4.1 Discrete Random Variables1
4.1.1 Student Learning Outcomes
By the end of this chapter, the student should be able to:
• Recognize and understand discrete probability distribution functions, in general.
• Calculate and interpret expected values.
• Recognize the binomial probability distribution and apply it appropriately.
• Recognize the Poisson probability distribution and apply it appropriately (optional).
• Recognize the geometric probability distribution and apply it appropriately (optional).
• Recognize the hypergeometric probability distribution and apply it appropriately (optional).
• Classify discrete word problems by their distributions.
4.1.2 Introduction
A student takes a 10 question true-false quiz. Because the student had such a busy schedule, he or she
could not study and randomly guesses at each answer. What is the probability of the student passing the
test with at least a 70%?
Small companies might be interested in the number of long distance phone calls their employees make
during the peak time of the day. Suppose the average is 20 calls. What is the probability that the employees
make more than 20 long distance phone calls during the peak time?

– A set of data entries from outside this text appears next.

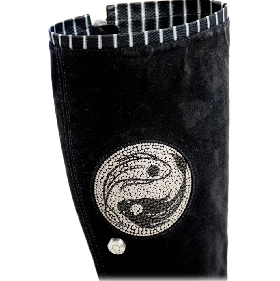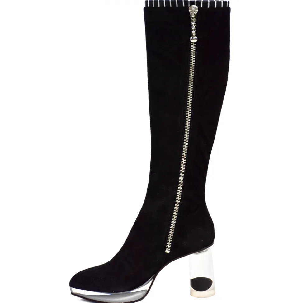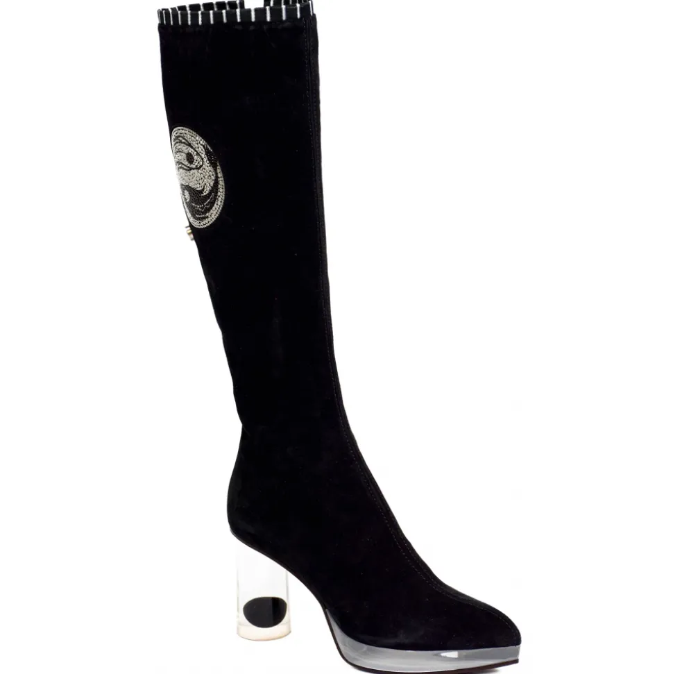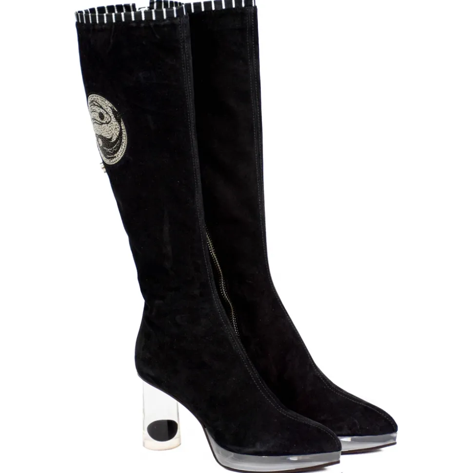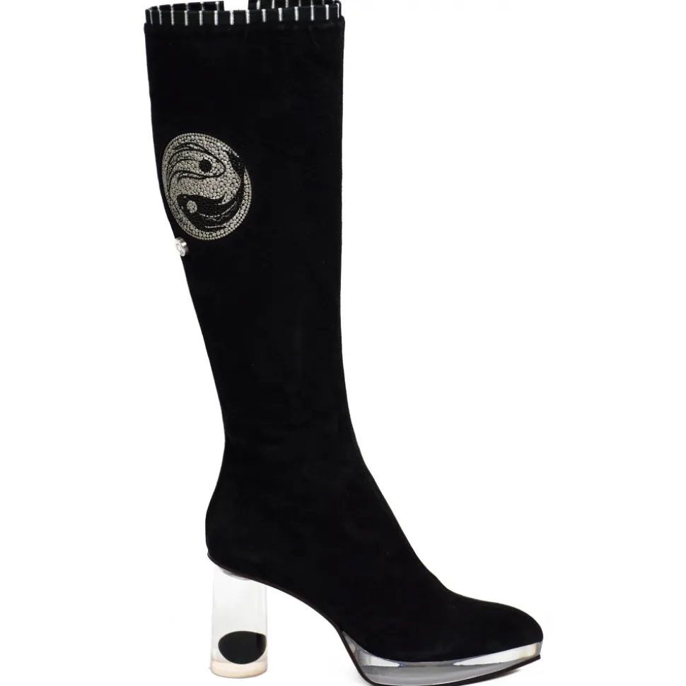 Suèi – High Black Boots With Transparent – Heels and Yin&Yang Motive – Handmade in Italy – Luxury Exclusive Collection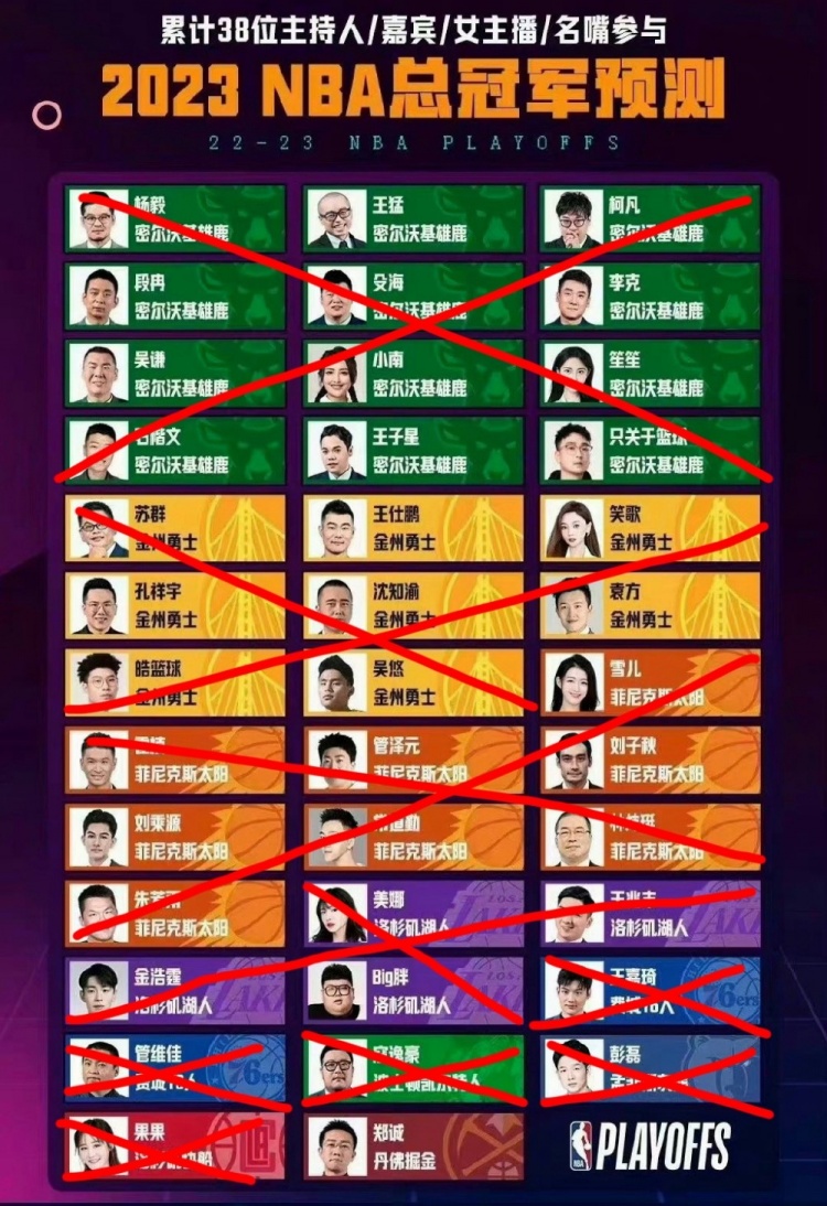 在2022-23赛季的季后赛开打前,38名专家或主播对总冠军进行了预测,殳海、杨毅均选择了字母哥所在的雄鹿。而雄鹿在首轮被热火黑八,爆冷出局。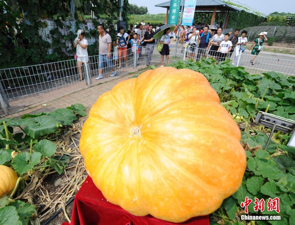 A 150 kg pumpkin is exhibited in the 14th Changchun Agricultural Expo Park in Changchun, capital of northeast China's Jilin province on Aug 17, 2015. The giant pumpkin which is not edible attracted many visitors. (CNS/ Zhang Yao)

These two examples illustrate two different types of probability problems involving discrete random vari-
ables. Recall that discrete data are data that you can count. A random variable describes the outcomes
of a statistical experiment in words. The values of a random variable can vary with each repetition of an
experiment.
In this chapter, you will study probability problems involving discrete random distributions. You will also
study long-term averages associated with them.
4.1.3 Random Variable Notation
Upper case letters like X or Y denote a random variable. Lower case letters like x or y denote the value of a
random variable. If X is a random variable, then X is written in words. and x is given as a number.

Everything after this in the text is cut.